This change also removes empty terms and trim surface form in Nori's Korean dictionary. (Trey Jones, Jim Ferenczi)
* LUCENE-8550: Fix filtering of coplanar points when creating linked list on
polygon tesselator. (Ignacio Vera)
* LUCENE-8549: Polygon tessellator throws an error if some parts of the shape
could not be processed. (Ignacio Vera)
* LUCENE-8540: Better handling of min/max values for Geo3d encoding. (Ignacio Vera)

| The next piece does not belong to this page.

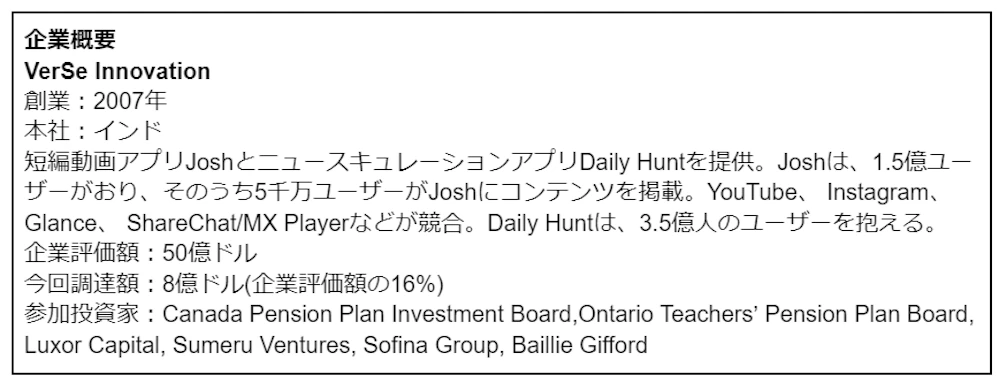 第二位は、短編動画とニュースキュレーションアプリを提供するVerSe Innovation(企業評価額:50億ドル)でした。インドでは、2020年にTikTokが禁止されたことをきっかけにローカルのアプリが台頭しました。MAU(マンスリーアクティブユーザー)に占めるDAU(ディリーアクティブユーザー)が49%とインスタグラム並みであり(※1)、インドでは高いエンゲージメントを誇っています。中国では、TikTokの中国版「抖音(Douyin)」における14歳未満のユーザーの利用時間を制限したり、ライブ配信を規制する計画を予定していたり、規制リスクが伴います。Daily Huntの類似サービスとしては、5000万ダウンロードと月間ユーザー2000万(2019年時点)をMAU持つスマートニュースがあげられます(※2)。Daily Huntはインド中心に展開している一方、スマートニュースは日米中心のため、現在は競合していませんが、今後の両社の動向に注目です。

* LUCENE-8534: Fix incorrect computation for triangles intersecting polygon edges in
shape tessellation. (Ignacio Vera)
* LUCENE-8559: Fix bug where polygon edges were skipped when checking for intersections.
(Ignacio Vera)
* LUCENE-8556: Use latitude and longitude instead of encoding values to check if triangle is ear
when using morton optimisation. (Ignacio Vera)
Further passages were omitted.